SWITRS: On What Days Do People Crash?
The Statewide Integrated Traffic Records System (SWITRS) contains a wealth of information, enough to determine who, where, when, and sometimes why and how for every traffic collision in California. Today, with the assistance of my SWITRS-to-SQLite script (discussed previously), I’m going to look at when car crashes happen, and specifically on what dates.
As always, the Jupyter notebook used to do this analysis can be found here (rendered on Github).
The data was selected using the following query:
SELECT Collision_Date FROM Collision WHERE Collision_Date IS NOT NULL AND Collision_Date <= '2015-12-31' -- 2016 is incomplete -- We only want car crashes AND Bicycle_Collision IS NOT 1 AND Motorcycle_Collision IS NOT 1 AND Pedestrian_Collision IS NOT 1 AND Truck_Collision IS NOT 1
This selects every car crash that happened before 2016 that has a collision date stored. The current year, 2016, is excluded because the data from it is incomplete.
Crashes per Week
The first thing to look at is crashes as a function of time. Below, I plot crashes per week to make the trends clearer; plotting per day results in too many points to separate by eye.
The week-to-week variation is rather significant, but two major trends are obvious:
- The total number of crashes has been decreasing over the past few years, with a big drop in 2008, but is now rising sharply in 2015.
- Each year is similar, with a mid-year lull and wildly varying increases and decrease right before the end of the year.

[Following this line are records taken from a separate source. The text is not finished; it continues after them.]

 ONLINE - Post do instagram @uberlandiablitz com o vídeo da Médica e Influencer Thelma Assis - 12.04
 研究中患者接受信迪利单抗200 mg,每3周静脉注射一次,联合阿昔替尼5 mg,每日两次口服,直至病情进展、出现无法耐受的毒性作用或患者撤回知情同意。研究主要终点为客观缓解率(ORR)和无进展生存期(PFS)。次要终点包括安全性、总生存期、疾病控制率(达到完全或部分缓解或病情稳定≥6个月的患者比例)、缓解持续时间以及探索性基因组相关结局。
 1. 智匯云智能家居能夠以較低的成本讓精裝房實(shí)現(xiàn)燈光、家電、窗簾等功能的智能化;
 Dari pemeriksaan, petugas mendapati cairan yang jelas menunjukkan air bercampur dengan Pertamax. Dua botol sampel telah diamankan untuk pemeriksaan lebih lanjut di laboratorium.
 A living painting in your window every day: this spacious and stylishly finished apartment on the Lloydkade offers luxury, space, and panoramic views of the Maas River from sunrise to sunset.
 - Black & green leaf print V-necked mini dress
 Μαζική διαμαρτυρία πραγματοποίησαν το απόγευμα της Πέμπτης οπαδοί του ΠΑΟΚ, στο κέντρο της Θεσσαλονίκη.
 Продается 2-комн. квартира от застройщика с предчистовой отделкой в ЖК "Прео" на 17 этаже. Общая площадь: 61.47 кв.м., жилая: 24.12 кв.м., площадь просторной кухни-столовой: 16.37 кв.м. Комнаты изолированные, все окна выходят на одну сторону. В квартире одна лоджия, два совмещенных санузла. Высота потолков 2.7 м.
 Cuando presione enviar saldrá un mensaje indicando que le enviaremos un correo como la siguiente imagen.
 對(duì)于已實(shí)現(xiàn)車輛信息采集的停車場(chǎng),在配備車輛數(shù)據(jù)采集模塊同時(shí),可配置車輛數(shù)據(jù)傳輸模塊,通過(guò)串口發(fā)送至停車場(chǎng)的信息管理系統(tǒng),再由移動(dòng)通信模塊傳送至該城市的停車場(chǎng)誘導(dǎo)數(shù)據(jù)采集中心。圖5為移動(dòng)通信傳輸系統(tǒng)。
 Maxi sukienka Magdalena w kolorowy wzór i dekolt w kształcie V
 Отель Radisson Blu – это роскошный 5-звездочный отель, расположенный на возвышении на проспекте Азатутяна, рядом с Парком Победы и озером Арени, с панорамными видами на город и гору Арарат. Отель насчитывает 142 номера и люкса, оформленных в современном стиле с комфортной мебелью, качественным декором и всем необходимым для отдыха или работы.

The first trend is easy to explain: the Great Recession put many people out of work, who then stopped commuting. The second trend is also due to reduced driving; we’ll look at it in detail below.

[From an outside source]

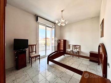 L'immobile, in parte ristrutturato, si trova al piano alto di un edificio dotato di ascensore. E' composto da un ingresso sul comodo disimpegno che conduce alla zona giorno con sfogo diretto sull'ampio terrazzo ideale per pranzi estivi e momenti di relax, alla prima comoda camere da letto, al bagno finistrato, al ripostiglio ed alla camera matrimoniale con terrazzo privato.
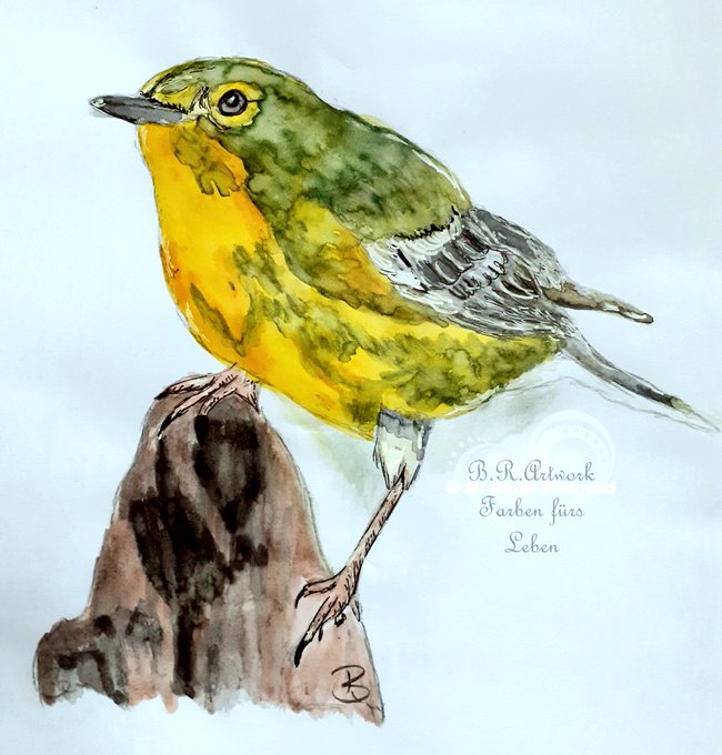 Pine Warbler (Kiefernwaldsänger) for #BirdWhisperer @BirdWhisperers #kleineKunstklasse #artwork #illustration #watercolor #ArtistOnTwitter #wildlife #birds #bird

To explore the second trend, we’ll need to look at the data day-by-day instead of a week at a time. Below is a plot of the average number of crashes on each day of the year. The average is calculated by summing the number of crashes on a specific day (say, September 22nd) across the years 2001 to 2015. The sum is then divided by the number of times that specific day appeared in the timespan (15, except for the leap day, which only appears 3 times).
Holidays account for the extrema, with the minimum number of crashes taking place on Christmas, and the maximum number taking place on Halloween. In fact, many of the local maxima and minima are also holidays! Some create obvious, multi-day patterns (like Thanksgiving) because they are floating holidays while others (like Christmas and Halloween) create massive, single-day dips or spikes because they happen on the same day every year. Holidays that fewer people get off from work, like Washington’s Birthday and Columbus Day, show almost no deviation from the surrounding dates.
But perhaps the most interesting dates are the holidays where the number of crashes increases! Halloween is the most obvious of these, and sets the record for the highest number of crashes, but Valentine’s Day and St. Patrick’s Day also show increases. I believe there are two reasons these holidays have higher than normal crash counts. First, these are not generally paid holidays, so the normal number of commute-related crashes happen. Second, these are holidays are celebrated away from home after work (for drinks, dates, or candy), and so people drive more on these days than they would otherwise. I suspect that there is a third reason behind Halloween’s high crash count: a higher than average number of pedestrians being out and about leading to a higher than average number of collisions involving pedestrians. I plan to look at pedestrian incidents in a later blog post.
Day of the Week
Finally, let’s look at crashes by day of the week. On weekends, like holidays, we would expect most people to not go to work. Below is a violin plot of crashes by day of the week. The width of each “violin” indicates the number of days with that value while the center line indicates the median, and the two outer lines indicate the interquartile.
The distribution for each day of the week is bimodal. This is due to the two plateaus in crash rates: a high one from 2001–2006, and a lower one from 2011–2014. The first four weekdays have roughly the same number of crashes. Friday has more, presumably because people are more likely to go out after work. Saturday drops to a level slightly below the weekdays, though not by much, and Sunday has the lowest crash count.
In the end the results are not too surprising: car crashes happen when people are driving, not when they’re sitting at home celebrating!
Updated : Replaced the univariate dot plot in the Day of the Week section with a violin plot; see this git diff. Also removed Trucks, Motorcycles, Bicycles, and pedestrians from the data set; see this git diff. This removed about 10% of the crashes, but did not qualitatively change the results. These results will be covered in their own posts.